Sounds like some strict regulation required. I guess longitudinal bulkheads would help.
Where are the Seafarer's Section of the International Transport Workers' Federation on this?


----------



## George Bis (Mar 8, 2014)

Sounds horrible stuff. What is the stowage factor?


----------



## Ian Lawson (Apr 30, 2017)

Agreed, not pleasant at all. I seem to recall it stows at around 15/17 Cf/Tonne


----------



## John Cassels (Sep 29, 2005)

Or they weren't pumping bilges regularly.


----------



## George Bis (Mar 8, 2014)

In 1978 I was involved with carrying Silver Sand from LochAline in Scotland which was about the same stowage factor. 
Our practice was to trim the cargo when loading to chock it in as best we could and as John sais pump the bilges every watch. We checked the suctions carefully before sailing and it went o.k. 
We also used to load Silver Sand in Norway which was kiln dried and regarded as much more stable.


----------



## kudu (Aug 13, 2008)

Why can't the ore be dried at source?.During the late19th and early 20th centuries local iron ore mined in Cleveland,N Yorks,and destined for the blast furnaces of Middlesbrough,was "roasted" before loading onto rail wagons.This was to get rid of moisture reducing tonnage tarrifs charged by the North Eastern railway. Surely modern technology could do the same thing at a much greater rate,with high risk ores,such as Nickel and Bauxite. The onus would then be on the crew of the vessel to ensure the ore stays dry.


----------



## John Cassels (Sep 29, 2005)

kudu said:


> Why can't the ore be dried at source?.During the late19th and early 20th centuries local iron ore mined in Cleveland,N Yorks,and destined for the blast furnaces of Middlesbrough,was "roasted" before loading onto rail wagons.This was to get rid of moisture reducing tonnage tarrifs charged by the North Eastern railway. Surely modern technology could do the same thing at a much greater rate,with high risk ores,such as Nickel and Bauxite. The onus would then be on the crew of the vessel to ensure the ore stays dry.

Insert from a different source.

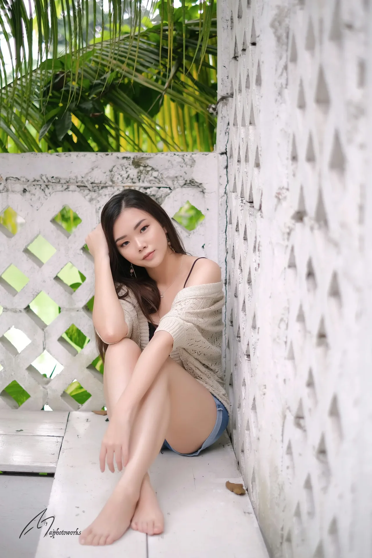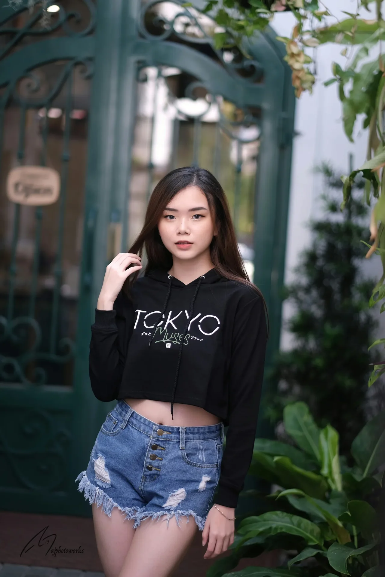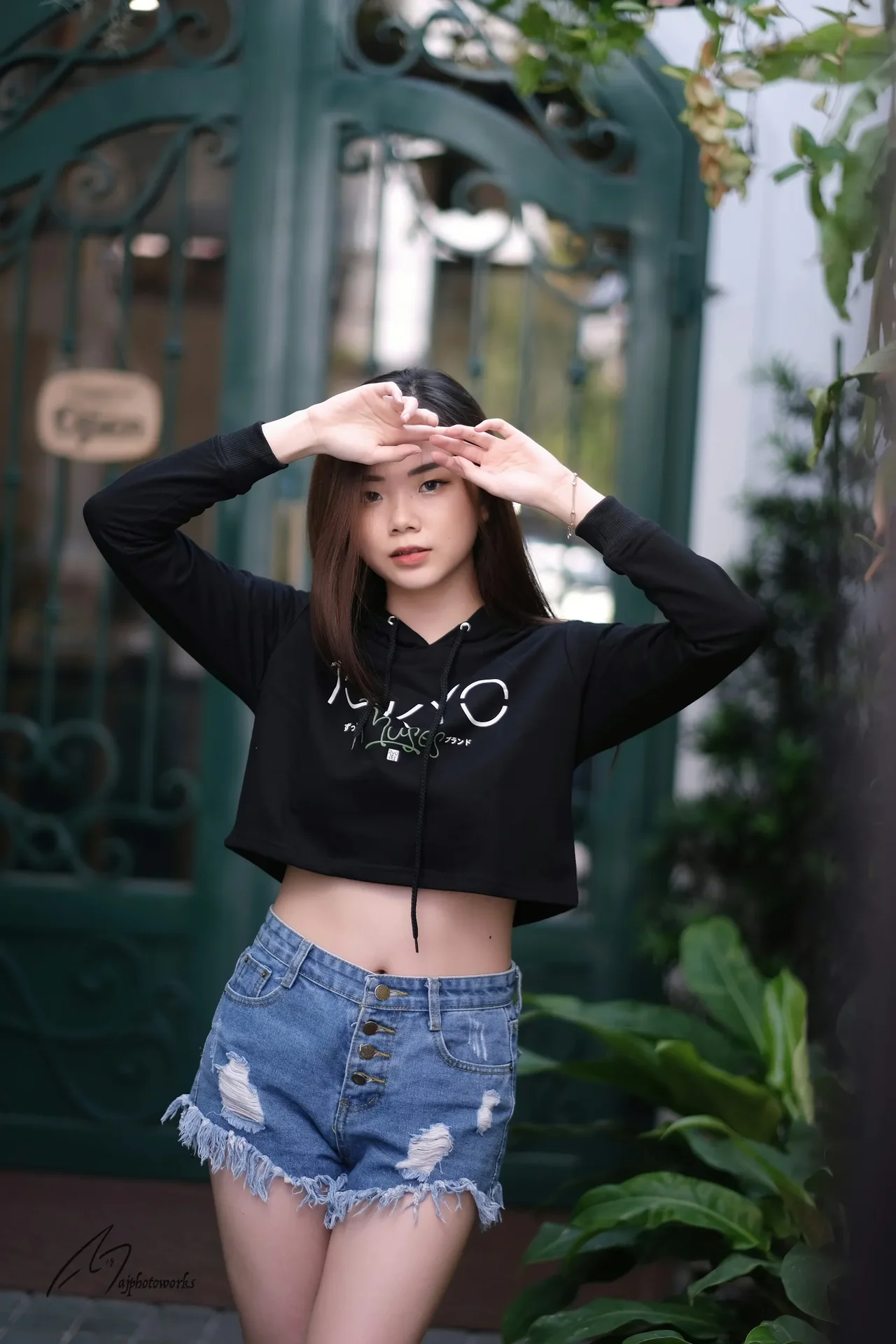 A young woman in a black hoodie and distressed denim shorts poses playfully in urban and casual settings, blending edgy and relaxed vibes.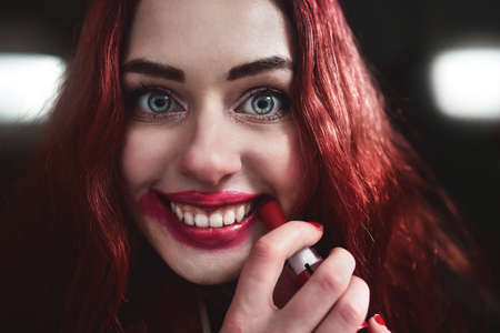 Portrait of crazy-looking teen girl with red hair she is smearing red lipstick on her face, horror concept. halloween time. Fear and nightmare

What do you do when the ore concentrates have been lying on the stockpile for weeks in the rain ?. Apart from having tests carried out ( it's a long time ago and I forget the name of the tests) to determine how liable the ore will be to becoming liquid , the only thing the ship can to is to cover bilge gratings with burlap and sound /pump bilges at least every 24 hours and keep a good record of same.


----------



## Ian Lawson (Apr 30, 2017)

The stockpile quality uncertainty will always be a problem. There are of course tests prescribed by IMSBC to ascertain the propensity for the ore to flow and these tests would be the Flow Table for Moisture Content & Flow Moisture Point and Penetration Test for Flow Moisture Point. Whether or not these tests are readily available at all ports is another question. They should be. The precautions you have given above re covering bilges with burlap is good advice and be standard operating procedure. Pumping of the Bilges should be done continuously if necessary and at least every 12 hours.


----------